その際に、アプリをフォアグラウンドにしていた場合は即時、アプリをバックグラウンドにしていた場合はフォアグラウンドにした瞬間にpaymentQueue(_:updatedTransactions:)が呼ばれます(transactionStateは.purchased)。この例ではTransaction IDは「1」(初回のサブスクリプションのTransaction IDとは異なる値)、Original Transaction IDは「0」(初回のサブスクリプションのTransaction IDと同じ値)です。
▼Transaction Managerでサブスクリプションをキャンセルした後、有効期限内に再契約
paymentQueue(_:updatedTransactions:) >>>>>>>>>>
---------- transaction[0] ----------
Transaction ID = Optional("1"), State = .purchased
Original Transaction ID = Optional("0"), State = Optional(".purchased")
transaction.error = nil
paymentQueue(_:updatedTransactions:) <<<<<<<<<<
[Sandboxテスト]
最初に、1回目のサブスクリプションを開始します。
▼初回サブスクリプション開始
paymentQueue(_:updatedTransactions:) >>>>>>>>>>
---------- transaction[0] ----------
Transaction ID = nil, State = .purchasing
Original Transaction ID = nil, State = nil
transaction.error = nil
paymentQueue(_:updatedTransactions:) <<<<<<<<<<
paymentQueue(_:updatedTransactions:) >>>>>>>>>>
---------- transaction[0] ----------
Transaction ID = Optional("1000000777610476"), State = .purchased
Original Transaction ID = nil, State = nil
transaction.error = nil
paymentQueue(_:updatedTransactions:) <<<<<<<<<<
1回目のサブスクリプション期間中に設定アプリのSANDBOXアカウントの管理画面でサブスクリプションをキャンセルします。そして、1回目のサブスクリプション期間が終わる前にサブスクリプションを再契約します。
ここからの挙動はXcodeテストと異なります。
再契約後、アプリをフォアグラウンドにしたり、アプリを再起動したりしても、paymentQueue(_:updatedTransactions:)は呼ばれません。
[Production環境]
AppStoreへリリース済みのアプリで実際にお金を支払って試したところ、Sandboxテストと同様に、paymentQueue(_:updatedTransactions:)は呼ばれないようでした。
場面6-2. アプリ内で購入手続きをする場合
手順:
1. アプリ内で初回のサブスクリプションを購入する
2. サブスクリプションをキャンセルする
3. 有効期限が切れる前に、アプリ内でサブスクリプションを購入する
要点:
・どの課金環境でも、購入手続き後にpaymentQueue(_:updatedTransactions:)が呼ばれる(transactionState=.purchased)。※これは初回購入時と同じ挙動
・再契約時のOriginal Transaction IDは、そのApple IDで初めて当該サブスクリプションを契約したときのTransaction IDと同じ値になる。
[Xcodeテスト]
最初に、1回目のサブスクリプションを開始します。この例では、TransactionのTransaction IDは「1」、Original Transaction IDは「nil」であることがログからわかります。
▼初回サブスクリプション開始
paymentQueue(_:updatedTransactions:) >>>>>>>>>> [18:56:47]

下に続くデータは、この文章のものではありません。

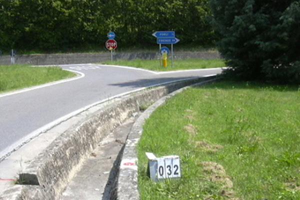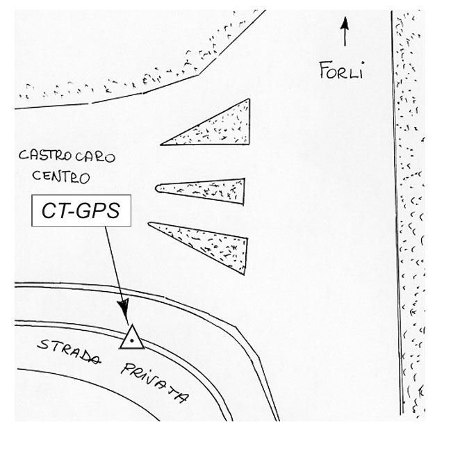 | Materializzazione | Centrino metallico infisso su cordolo di canaletta scorriacque nei pressi dello svincolo, sulla S.S. 67, per Castrocaro al km 79,500. |

---------- transaction[0] ----------
Transaction ID = nil, State = .purchasing
Original Transaction ID = nil, State = nil
transaction.error = nil
paymentQueue(_:updatedTransactions:) <<<<<<<<<< [18:56:47]
paymentQueue(_:updatedTransactions:) >>>>>>>>>> [18:57:10]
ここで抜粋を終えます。